Once that lands, a lot of what we associate with "agent capability" stops being about the model and starts being about us. What tools do we expose? How do we describe them? What do we let the model touch, and what do we gate behind a confirmation? The model is powerful, but the agent's behavior is something we shape.

Tools Are Mostly a Description

Registering a tool with the model turned out to be much less ceremony than I expected. It is essentially a name, a sentence or two telling the model when to reach for it, and a JSON Schema describing the inputs:

{
  name: "read_file",
  description:
    "Read the full contents of a file. Use this to inspect existing code or text.",
  input_schema: {
    type: "object",
    properties: {
      path: { type: "string", description: "Path to the file to read" },
    },
    required: ["path"],
  },
}

That schema is everything the model sees. The actual work happens in a regular function on our side, which is just as plain as we would expect:

function readFile(filePath: string): Record<string, unknown> {
  try {
    const abs = resolveAbsPath(filePath);
    const content = fs.readFileSync(abs, 'utf-8');
    return { path: abs, content };
  } catch (err: any) {
    return { error: `Failed to read file: ${err.message}` };
  }
}

When a tool_use block comes back from the model with name: "read_file", we look at the input object, pull out path, call readFile(path), and append whatever it returns to the conversation as the next message. No framework, no glue layer. Just a function call.

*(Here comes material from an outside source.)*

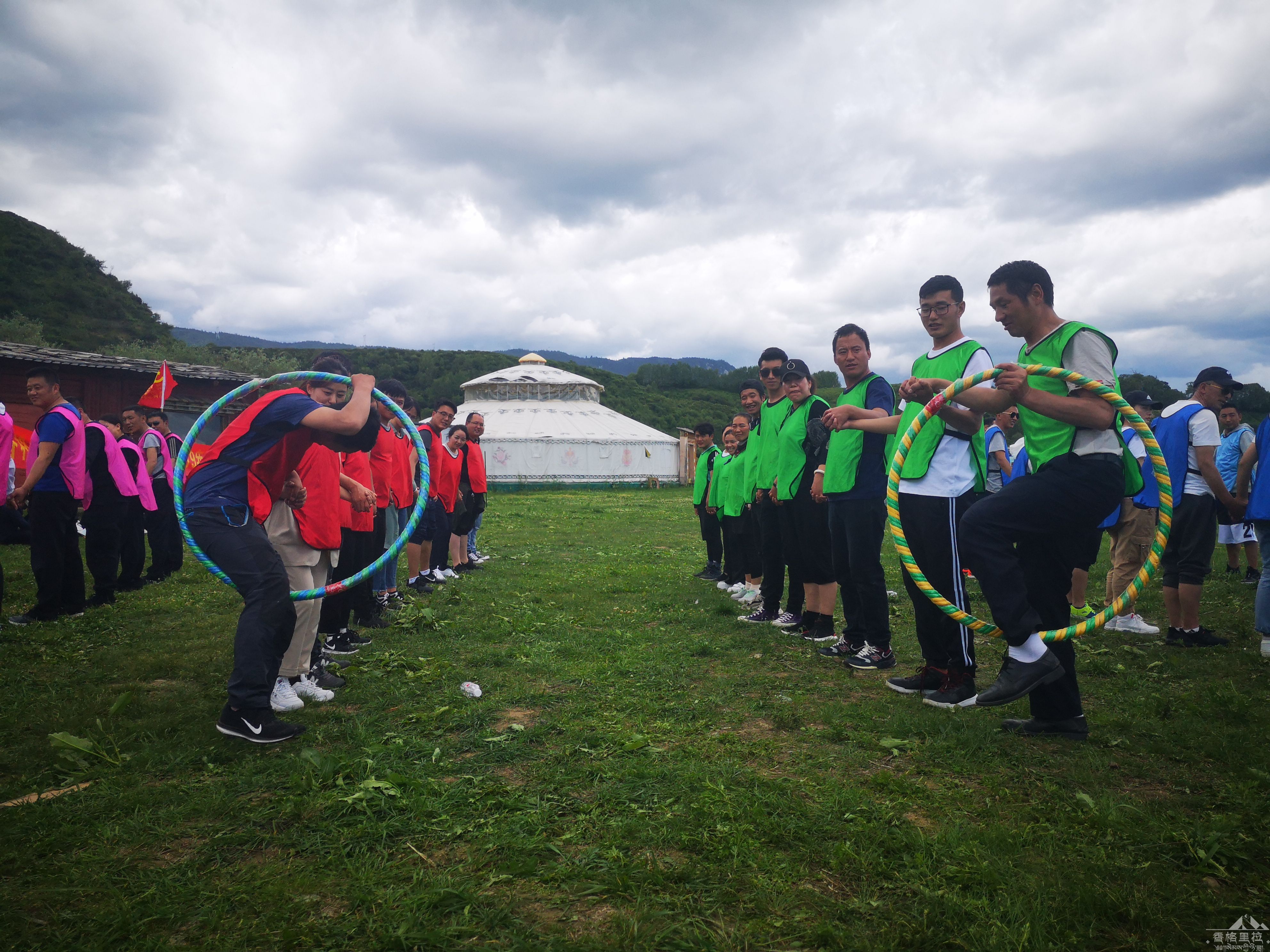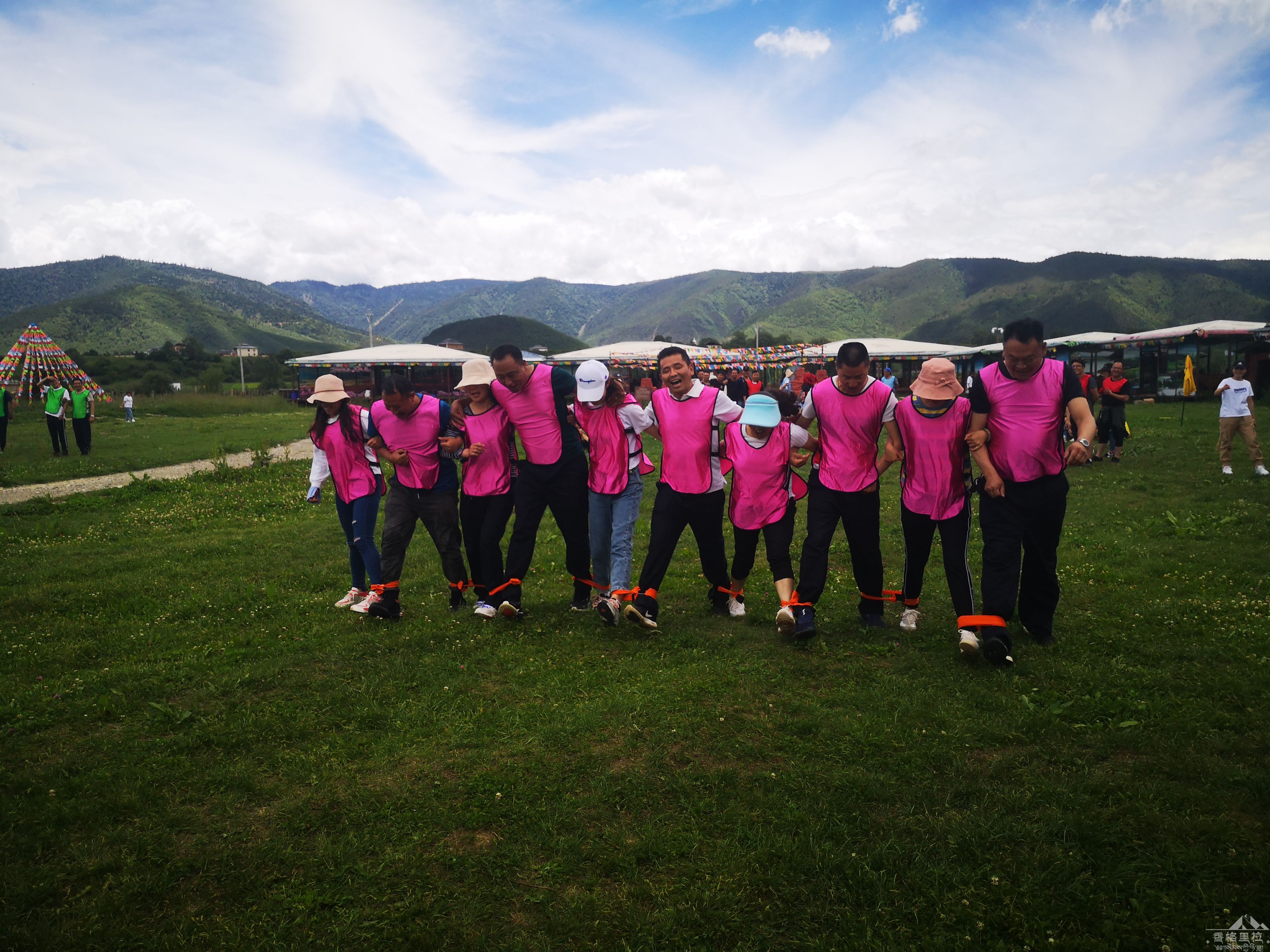 活动内容丰富多彩,绑腿赛跑、衔纸杯运水、抱团、呼啦圈接力、抬杆绕8字跑、袋鼠跳接力赛一项接着一项,活动规则清晰、便于操作,大家每10人为一个队,兴趣浓厚,积极踊跃,配合默契。

What stood out is how much weight the description field carries. The model is using it to decide whether this tool is the right one for the situation. Vague descriptions lead to the model picking the wrong tool, or skipping a tool we expected it to use. Treating each description as a small piece of prompt engineering, instead of an afterthought, made the agent noticeably more reliable.

Three Tools Is Most of What We Need

For something genuinely useful, we really only need three tools:

  • read_file so the model can see our code
  • list_files so it can navigate the project
  • edit_file so it can create and change files

Production agents like Claude Code add more, of course: grep, bash, web search, and so on. They smooth out the experience and unlock workflows that read, list, and edit cannot reach on their own. But the leap from "no tools" to "read, list, edit" is the big one. Everything after that is incremental.

Closing Thoughts

The point of building the toy was never to replace the real thing. The real ones are better, and they should be. The point was to stop thinking of them as a black box. Once we have seen that the loop is a loop, that the model is asking and our code is doing, it gets a lot easier to reason about why an agent did or did not do what we wanted, and how to nudge it. Less "I wonder why it ignored that file" and more "right, the description on that tool was probably too thin."

That is the part I keep coming back to. Understanding things one layer down does not always change what we build. But it almost always changes how confidently we use what other people built.